Let’s see how it works:

Dark Defi
2 min readJan 8, 2021

In the beginning, 2% of each transaction is instantly allocated to all holders by automatic means in relation to their DARK holdings. Due to this, each holder is benefitted from transactions happening on the DARK network and aren’t required to transfer or stake tokens. This also supports a much secure, gas-efficient and passive yield production. This is a captivating feature for especially the liquidity providers as they receive extra DARK tokens in addition to the default Uniswap fee of 0.3%. Such rewards can also be considered as a hedge against temporary losses. The percentage of every transaction can be altered to 1–5% which is shared with the holders.

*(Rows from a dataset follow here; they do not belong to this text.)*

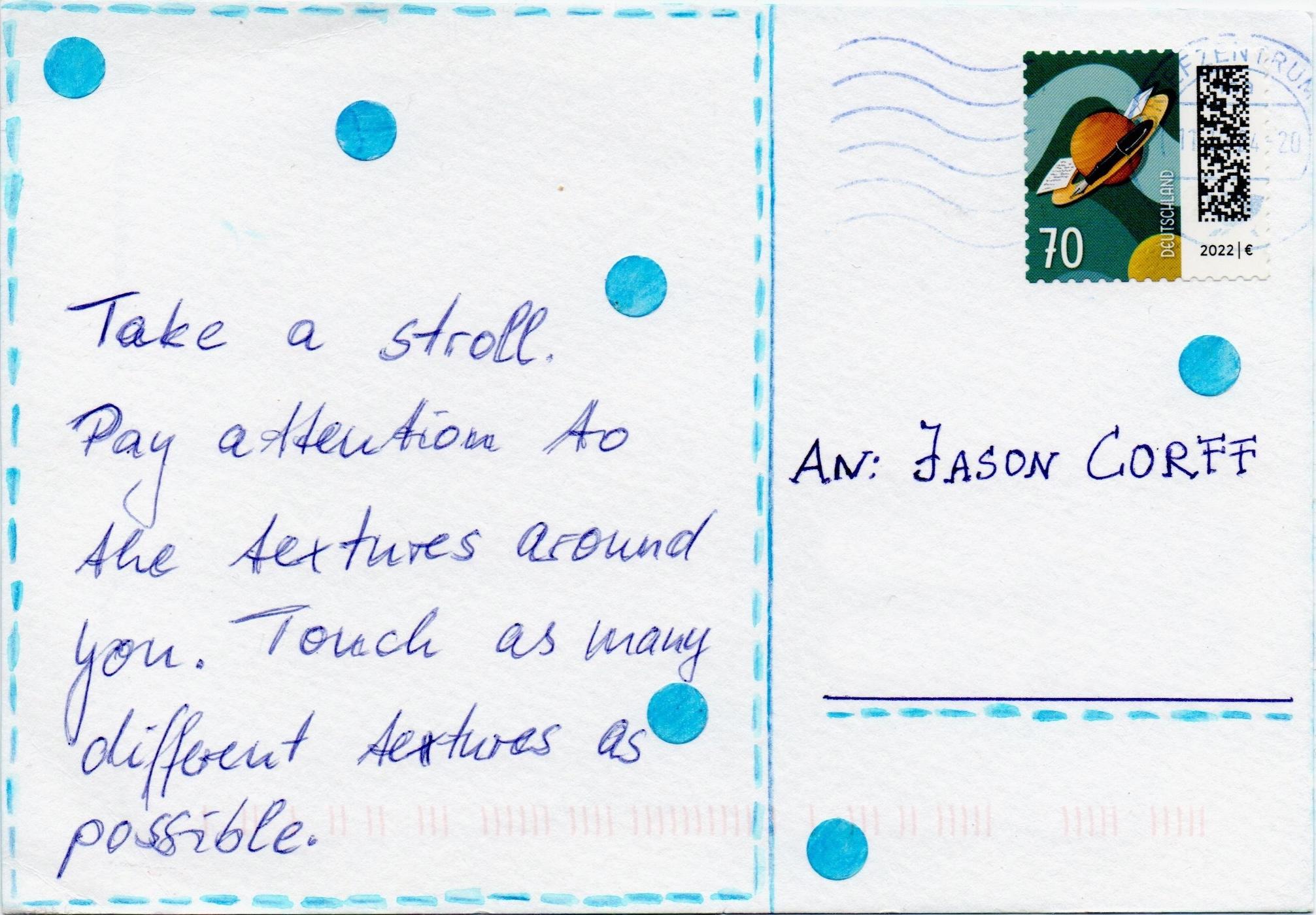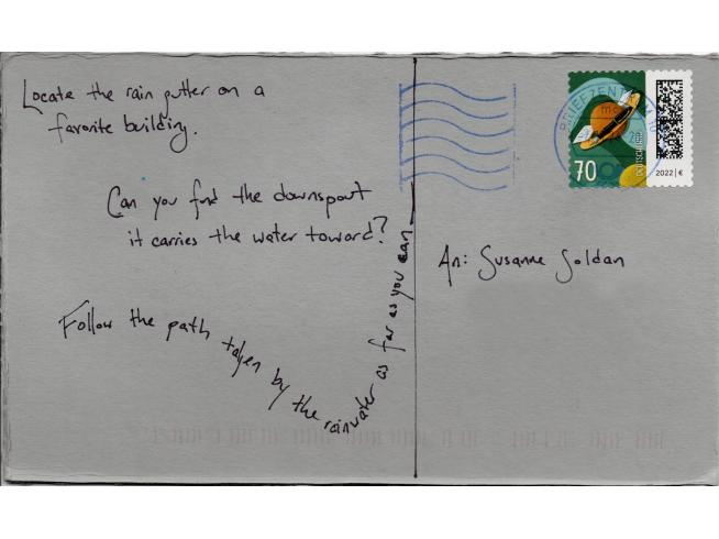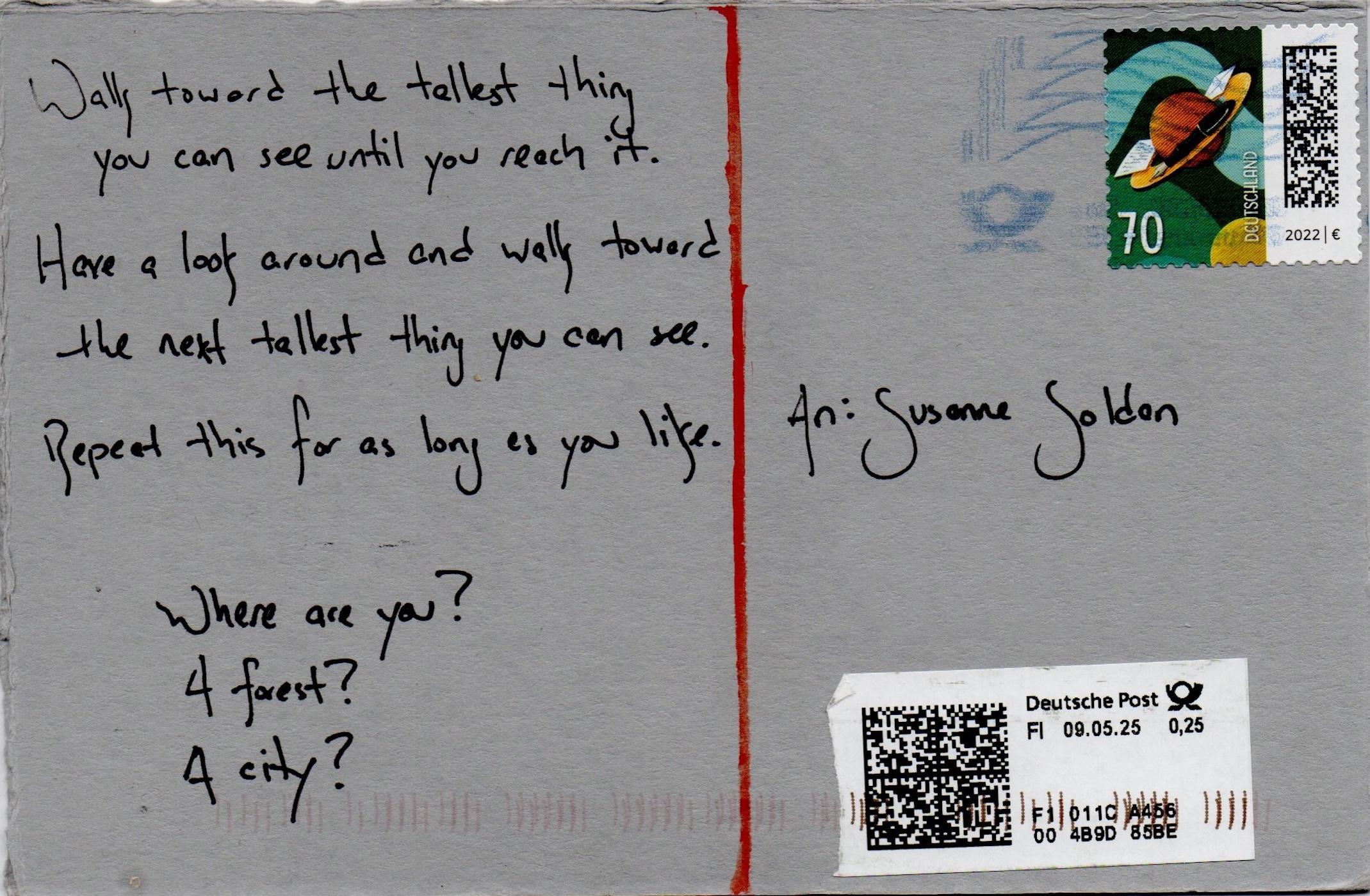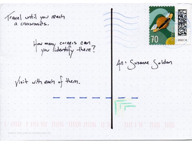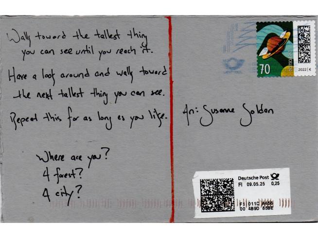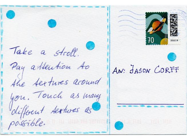[EN] A playful, artistic critique of tourism and the motif of the postcard, Field Notes from Elsewhere focuses on the unexpected, unique, and subtly spectacular nature of surroundings. Informed by mail art as well as the Situationist and Fluxus movements, the project creates a form of structured drifting. This approach to exploration encourages a participant to perceive (un)familiar places differently than is typical in everyday life. What is uncovered during these actions cannot be predicted in advance, and intends to reveal surprises particular to each location and/or journey. Each Field Note is written with instructions for a task on how to explore or experience your current location in a new way. These handmade postcards are sent via mail between Jason Corff and Susanne Soldan.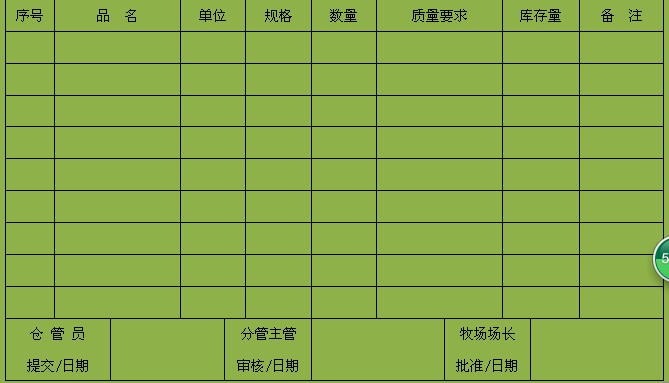 (2)每月25日前,技术部根据各牧场《饲料申购单》,结合饲料配方等综合因素,汇成《各牧场饲料用量计划表》,报牧业公司总经理审批。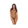 Tuta in rete nera di media trama con ampia apertura intima e sui fianchi, spalline sottoveste scollatura dritta avanti-retro. Misura unica vestibile dalla taglia 40 alla taglia 46.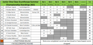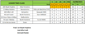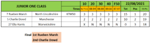 Rueben Marsh was the top dog in Junior one beating second places Charlie Dowd in each race, while in Junior two Wyatt Hopkins had a great day taking the number one spot ahead of Alfie Croft and Josh Fowler.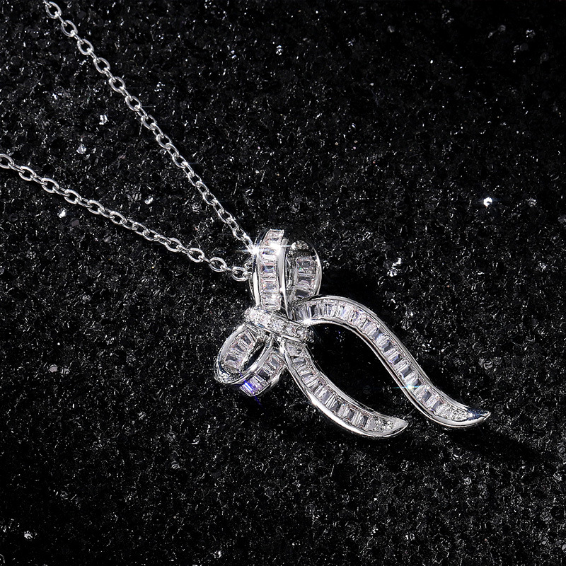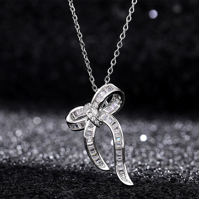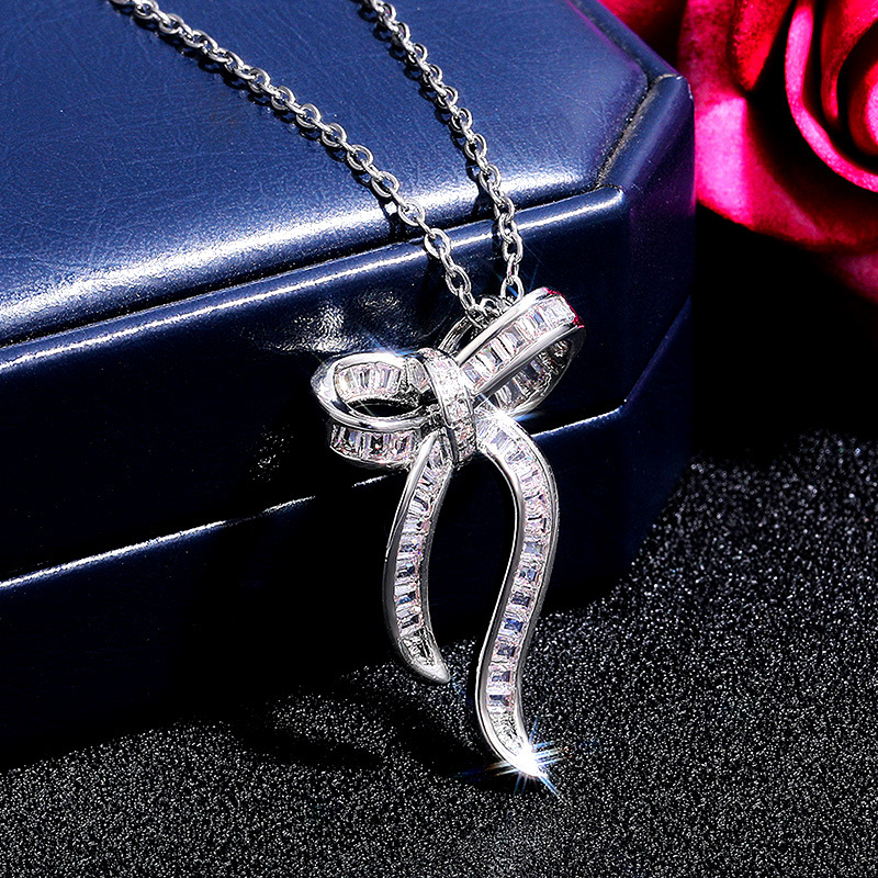 Spring new small fresh jewelry exquisite trapezoidal zircon bow necklace ladies T square clavicle chain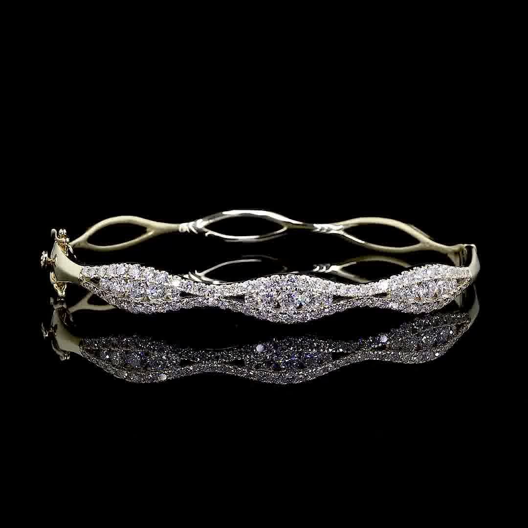 Women's Yellow Gold Hinged Bangle | Fancy Cut Diamonds with Halo quantity

Continuous price inflation

The first two features perform at their greatest capacity when a large transactional volume exists on the network. This can be naturally gained and sustained via various partner pools. However, there’s another factor to increase transaction volume. With DARK Alchemize function, 2% of its original liquidity pool can be converted into ETH. This is later used to buy and burn SEXY at market rate. Influenced by ITS, this structure assists to form persistent buy pressure and price inflation for DARK (while the supply keeps depreciating).

The following happens when the Alchemize function is applied:

  • The liquidity of 2% is taken out from the DARK-ETH pool and divided into DARKand ETH
  • ETH is used to buy DARK at market price
  • 95% of DARK gets burned
  • 5% of DARK is shared with the caller of the function (in order to incentivize caller for consuming gas)

Once every 30 Minutes, this function may be applied by holders (with a minimum of 10000 DARK tokens). This Alchemize function can be accessed via Etherscan until the Tunnel’s main dashboard is live.